TASK OBJECTIVE
Your answer must be the exact lines of the listing below that run from the line with "5月2日08時(shí)至3" to the line with "Model with Headphones", ends included, and no pictures.

DATASET EXCERPTS
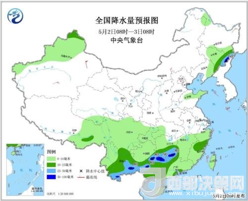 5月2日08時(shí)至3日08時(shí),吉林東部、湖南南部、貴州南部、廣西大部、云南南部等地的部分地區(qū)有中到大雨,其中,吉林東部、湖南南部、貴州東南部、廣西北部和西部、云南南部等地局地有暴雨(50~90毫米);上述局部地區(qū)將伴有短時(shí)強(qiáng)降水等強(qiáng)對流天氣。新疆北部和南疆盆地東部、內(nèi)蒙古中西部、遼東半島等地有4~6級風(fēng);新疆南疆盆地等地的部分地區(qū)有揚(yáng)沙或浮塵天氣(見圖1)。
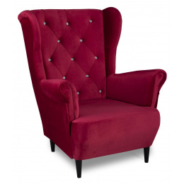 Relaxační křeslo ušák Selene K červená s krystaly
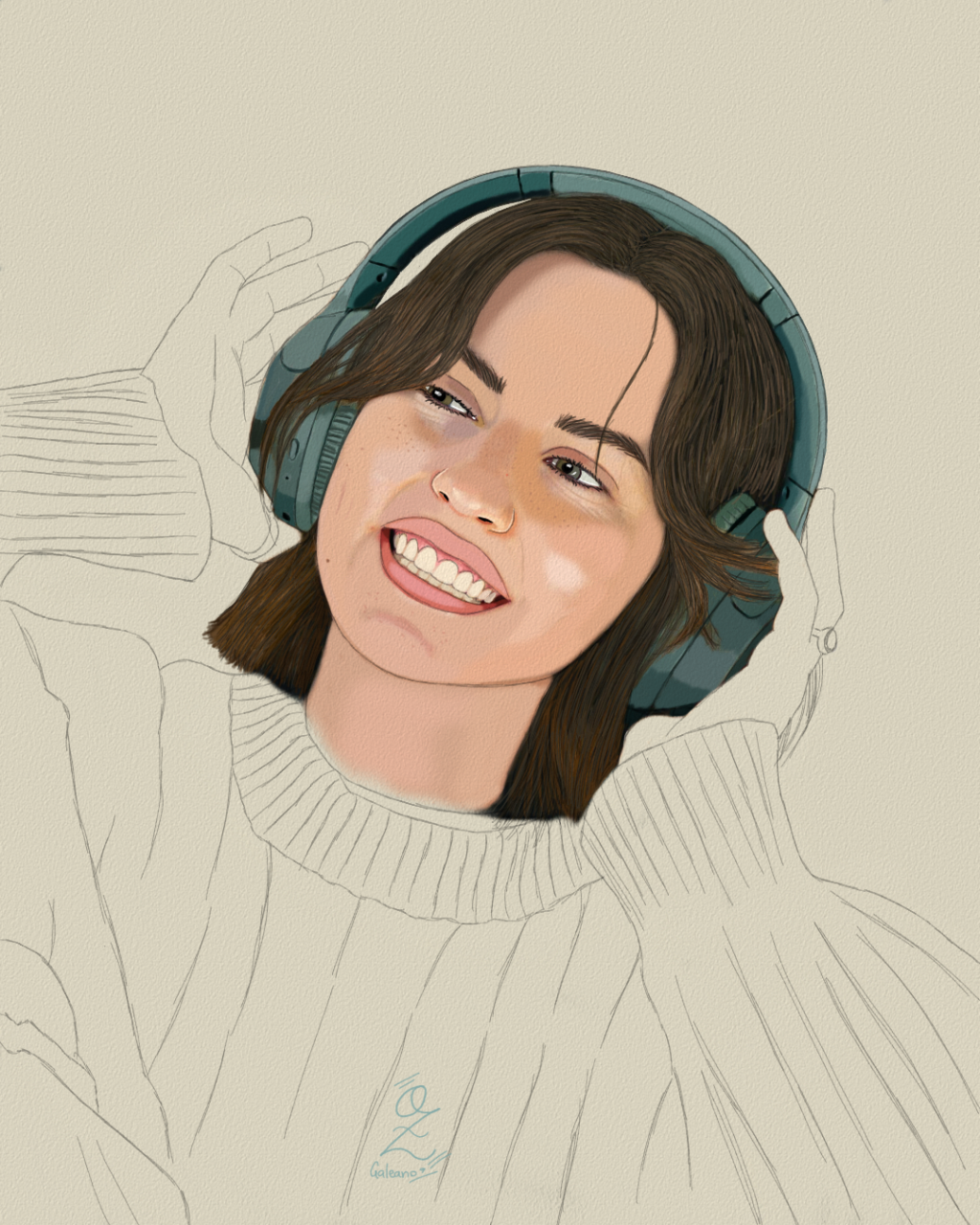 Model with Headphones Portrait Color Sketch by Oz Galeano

==

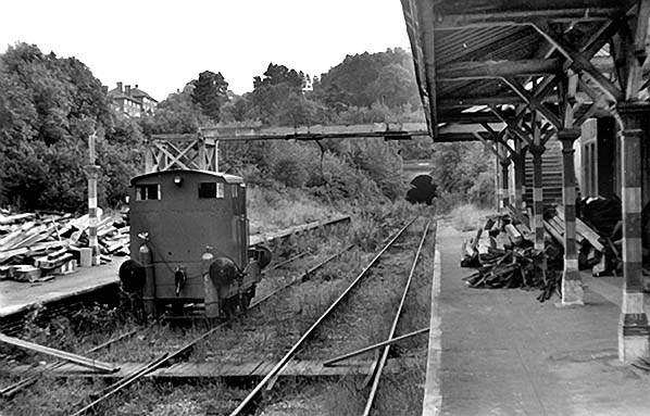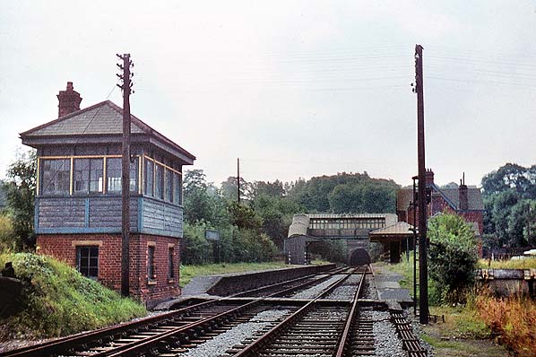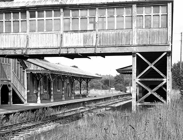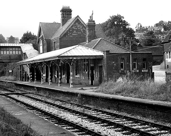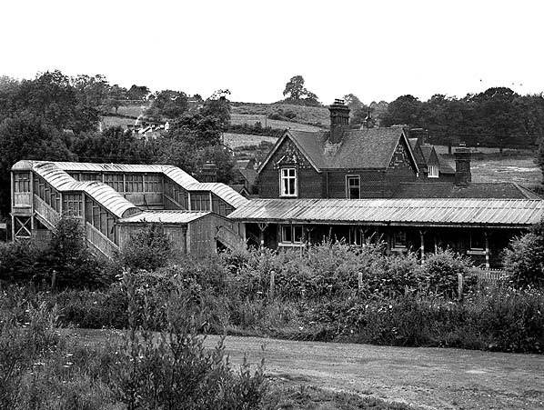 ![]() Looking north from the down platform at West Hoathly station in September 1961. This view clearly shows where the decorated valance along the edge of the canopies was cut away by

FINAL ANSWER
 5月2日08時(shí)至3日08時(shí),吉林東部、湖南南部、貴州南部、廣西大部、云南南部等地的部分地區(qū)有中到大雨,其中,吉林東部、湖南南部、貴州東南部、廣西北部和西部、云南南部等地局地有暴雨(50~90毫米);上述局部地區(qū)將伴有短時(shí)強(qiáng)降水等強(qiáng)對流天氣。新疆北部和南疆盆地東部、內(nèi)蒙古中西部、遼東半島等地有4~6級風(fēng);新疆南疆盆地等地的部分地區(qū)有揚(yáng)沙或浮塵天氣(見圖1)。
 Relaxační křeslo ušák Selene K červená s krystaly
 Model with Headphones Portrait Color Sketch by Oz Galeano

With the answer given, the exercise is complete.